Wednesday, March 30, 2011

Thoughts on Ascending Armor Class

      A lot of people like the Ascending AC thing. I'll admit that, on paper, I like it. It grates against my Old Fart sensibilities, but I'm open minded, so I had decided to use it (should I ever actually run a game of WhiteBox).
     Then one of the tenets of old school play came to mind. In order to facilitate player engagement, and a sense of control over one's own fate, players have more and more claimed the right to make all the rolls for their characters. It was not always thus. In fact, in the LBB (Pg 10 of Men and Magic) under Determination of Abilities, it is laid plain that the referee actually rolls player character stats:
     "Prior to the character selection by players it is necessary for the referee to roll three six-sided dice in order to rate each as to various abilities, and thus aid them in selecting a role."
Isn't that a fine kettle of fish?
     Of course, DMs were expected to roll anything the character could not immediately determine the success of, such as hiding and moving silently.
     What does all that have to do with Ascending AC? In a word: unpredicability. With AAC it is assumed that the player always knows what he needs to roll in order to hit. That's the whole point of it, to streamline combat by establishing a more intuitive method for determing what the player needs to roll. But that doesn't leave much room for the mysterious or unpredictable, now does it?
     Descending AC, or more to the point, an actual to-hit table, is a horse of another color. With that the DM tells the player that the bandits are wearing leather armor, except the chief who has chain. Great. So, they know what they normally need to roll to hit chain, and smack him one, or so they think. Let's say they needed a 15 to-hit, and rolled spot on. They gleefully reach for the damage die, and you say "Nope. No good. You missed."
     Wait a minute, they think. What the hell just happened? One of two things. Either this guy is slippery as hell, or that chain is magic. But who knows for sure?

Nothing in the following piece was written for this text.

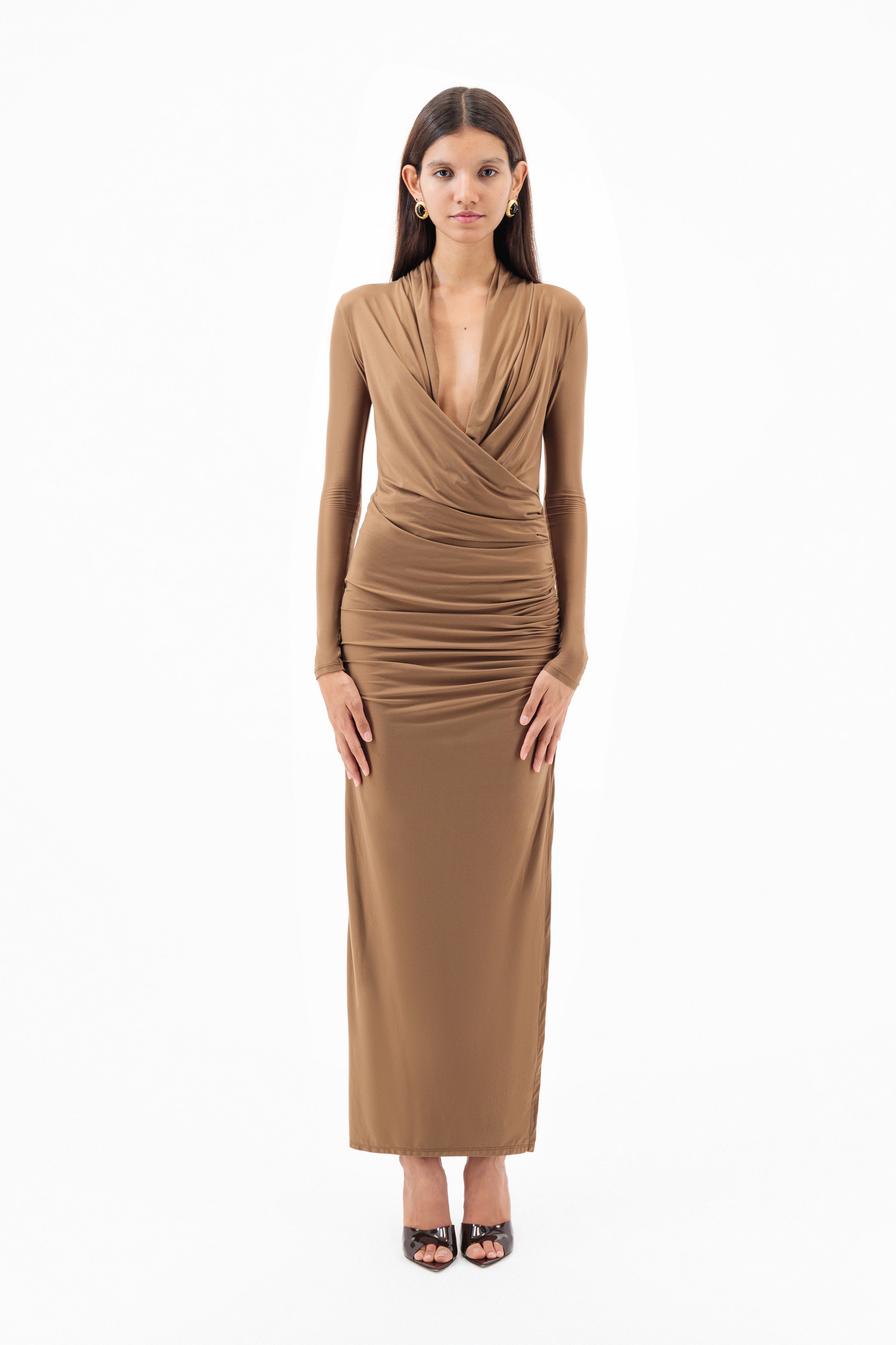 A gorgeous maxi dress deep cowl neck, long sleeves with gathered detail, high rise slit.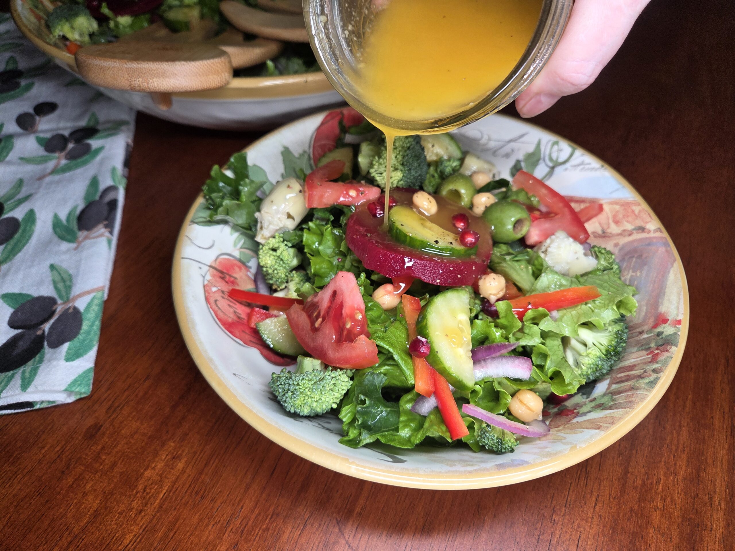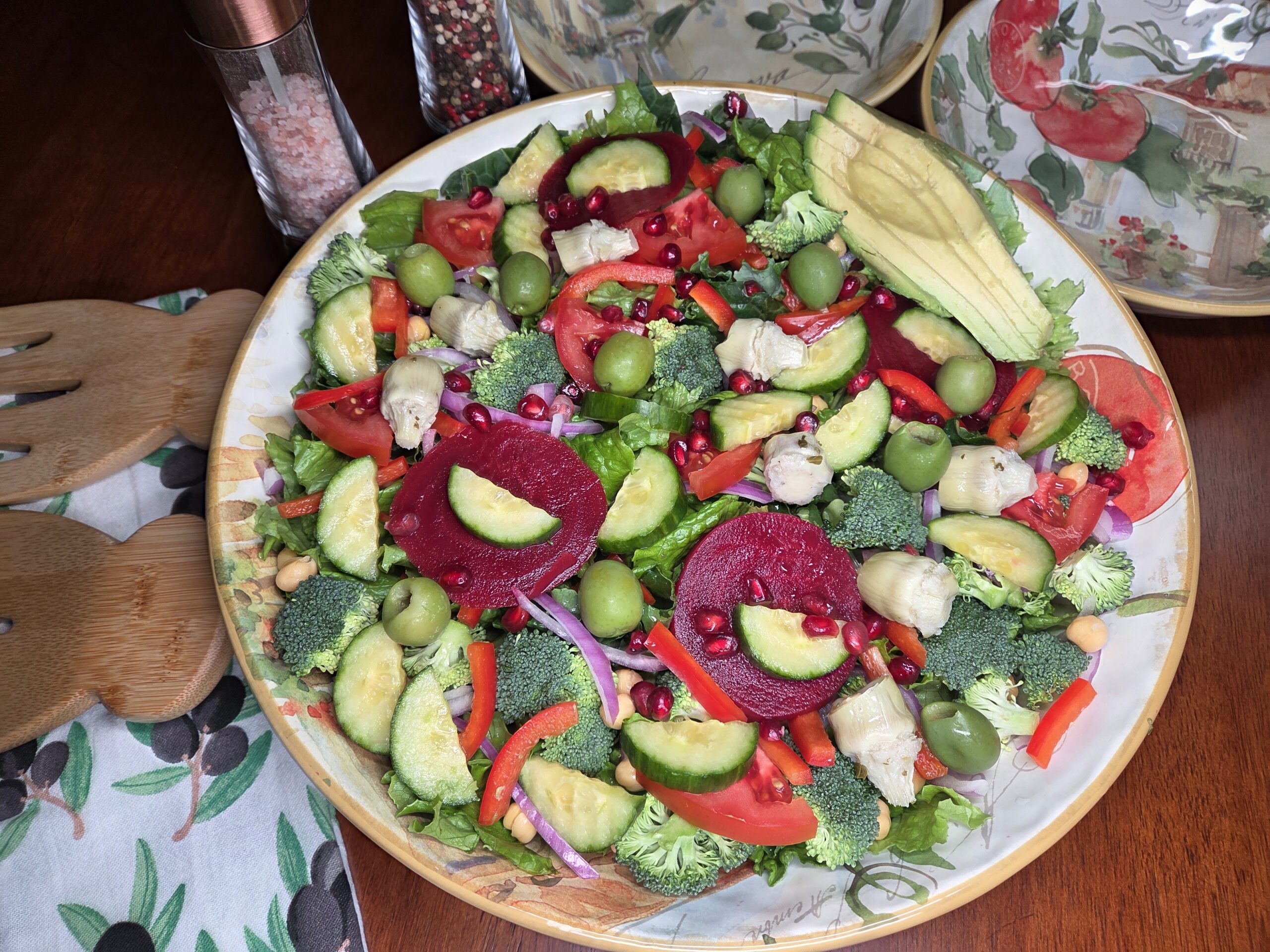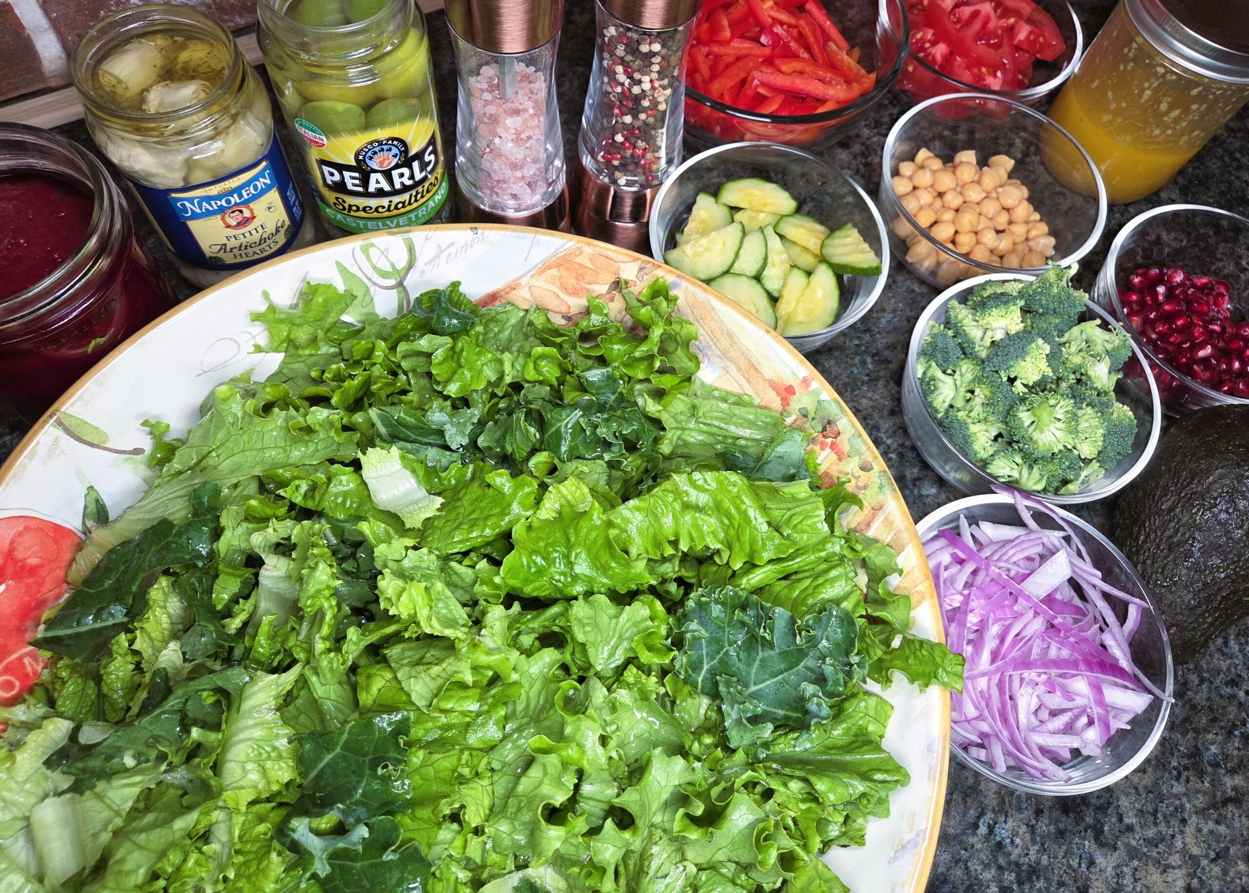 Wash and roughly chop 2 cups of kale and 1 head of romaine lettuce, then toss them into a large bowl as the base of the salad. Add 4–6 slices of pickled beets, or more if you like. We pickle our own beets from the garden each year, but canned beets from the store work fine too. Drain and rinse the chickpeas, setting them aside while you prep the veggies. Stem, seed, and thinly slice 1 red pepper, and thinly slice half of a red onion into half-moon slivers. Slice 2-3 medium tomatoes into slices, then quarters. Cut a small head of broccoli into bite‑sized florets, slice half a cucumber into small pieces, and layer everything neatly over the greens. Top it off with about 20 drained olives and some petite artichoke hearts for extra flavor and texture. Finally, sprinkle on half a cup of chickpeas and a third of a cup of pomegranate arils.

     The new games and systems have their own design goals. The designers set out to deliver a certain experience at the gaming table, and their designs reflect that. It is always important to remember that. They are trying to deliver to you their vision of the best system, and therefore, experience, that they possibly can. If your vision jives with theirs, then great. If not, then I ask, is newer really better? In this case, I think I'll be coming up with something that allows me to inject some mystery into opponents. Maybe not exactly the Descending AC system, but something similar, to be sure.